And we look and see each time, did we do better than we did the best time we've done so far? So we went from 56 to 46. This one was greater, so we ignored it. This one was 41, which was less, so we went ahead and kept that one. And for all of the remaining 16 times that we tried to implement hill climbing and we tried to run the hill-climbing algorithm, we couldn't do any better than that 41. 

Again, maybe there is a way to do better that we just didn't find, but it looks like that way ended up being a pretty good solution to the problem. That was attempt number 3 starting from counting at zero. So we can take a look at that, open up number 3, and this was the state that happened to have a cost of 41, that after running the hill-climbing algorithm on some particular, random initial configuration of hospitals, this is what we found was the local minimum in terms of trying to minimize the cost. 

And it looks like we did pretty well, that this hospital is pretty close to this region. This one is pretty close to these houses here. This hospital looks about as good as we can do for trying to capture those houses over on that side. And so these sorts of algorithms can be quite useful for trying to solve these problems. 

But the real problem with many of these different types of hill climbing, steepest ascents, stochastic, first choice, and so forth is that they never make a move that makes our situation worse. They're always going to take ourselves in our current state, look at the neighbors, and consider, can we do better than our current state, and move to one of those neighbors. Which of those neighbors we choose might vary among these various different types of algorithms, but we never go from a current position to a position that is worse than our current position. 

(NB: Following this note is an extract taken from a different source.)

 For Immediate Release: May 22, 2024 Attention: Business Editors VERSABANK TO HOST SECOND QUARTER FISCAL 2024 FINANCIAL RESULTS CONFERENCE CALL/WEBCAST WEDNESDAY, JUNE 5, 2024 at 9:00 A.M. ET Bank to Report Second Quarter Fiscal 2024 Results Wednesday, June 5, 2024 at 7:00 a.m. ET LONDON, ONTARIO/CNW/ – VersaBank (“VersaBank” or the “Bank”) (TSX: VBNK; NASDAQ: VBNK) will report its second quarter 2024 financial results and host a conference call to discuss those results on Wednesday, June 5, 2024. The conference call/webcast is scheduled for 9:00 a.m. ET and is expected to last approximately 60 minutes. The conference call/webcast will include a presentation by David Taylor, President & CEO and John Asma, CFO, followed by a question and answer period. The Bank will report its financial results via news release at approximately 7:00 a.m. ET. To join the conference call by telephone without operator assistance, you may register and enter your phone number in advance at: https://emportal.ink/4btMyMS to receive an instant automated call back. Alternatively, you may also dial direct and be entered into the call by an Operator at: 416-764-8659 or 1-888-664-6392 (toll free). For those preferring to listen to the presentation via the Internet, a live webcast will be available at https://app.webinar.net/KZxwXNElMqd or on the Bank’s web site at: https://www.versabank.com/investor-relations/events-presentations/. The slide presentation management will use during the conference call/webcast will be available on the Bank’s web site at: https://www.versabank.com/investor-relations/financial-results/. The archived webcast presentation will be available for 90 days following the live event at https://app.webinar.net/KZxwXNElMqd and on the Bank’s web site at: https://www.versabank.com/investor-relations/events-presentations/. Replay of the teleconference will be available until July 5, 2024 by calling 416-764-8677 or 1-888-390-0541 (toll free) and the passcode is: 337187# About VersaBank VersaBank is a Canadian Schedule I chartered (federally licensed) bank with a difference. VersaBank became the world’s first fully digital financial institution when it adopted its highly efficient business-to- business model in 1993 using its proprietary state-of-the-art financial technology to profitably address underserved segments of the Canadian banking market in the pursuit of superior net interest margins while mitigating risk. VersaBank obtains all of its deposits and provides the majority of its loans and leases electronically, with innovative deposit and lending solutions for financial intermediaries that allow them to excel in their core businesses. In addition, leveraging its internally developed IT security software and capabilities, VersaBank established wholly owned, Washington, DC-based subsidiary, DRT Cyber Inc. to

And ultimately, that's what we're going to need to do if we want to be able to find a global maximum or a global minimum. Because sometimes if we get stuck, we want to find some way of dislodging ourselves from our local maximum or local minimum in order to find the global maximum or the global minimum or increase the probability that we do find it. 

And so the most popular technique for trying to approach the problem from that angle is a technique known as "simulated annealing," simulated because it's modeling after a real physical process of annealing where you can think about this in terms of physics, a physical situation where you have some system of particles. 

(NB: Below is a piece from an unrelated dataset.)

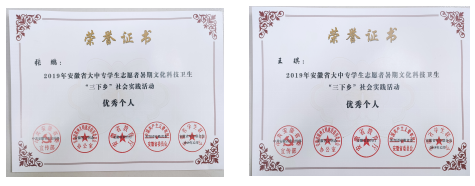 今年会在2019年安徽省大中专学生志愿者 暑期文化科技卫生“三下乡”社会实践活动中荣获佳绩

And you might imagine that when you heat up a particular physical system, there's a lot of energy there. Things are moving around quite randomly. But over time, as the system cools down, it eventually settles into some final position. And that's going to be the general idea of simulated annealing. We're going to simulate that process of some high-temperature system where things are moving around randomly quite frequently but, over time, decreasing that temperature until we eventually settle at our ultimate solution. 

And the idea is going to be if we have some state-space landscape that looks like this and we begin at its initial state here, if we're looking for a global maximum and we're trying to maximize the value of the state, our traditional hill-climbing algorithms would just take the state, and look at the two neighbor ones, and always pick the one that is going to increase the value of the state. 

But if we want some chance of being able to find the global maximum, we can't always make good moves. We have to sometimes make bad moves and allow ourselves to make a move in a direction that actually seems, for now, to make our situation worse such that later we can find our way up to that global maximum in terms of trying to solve that problem. 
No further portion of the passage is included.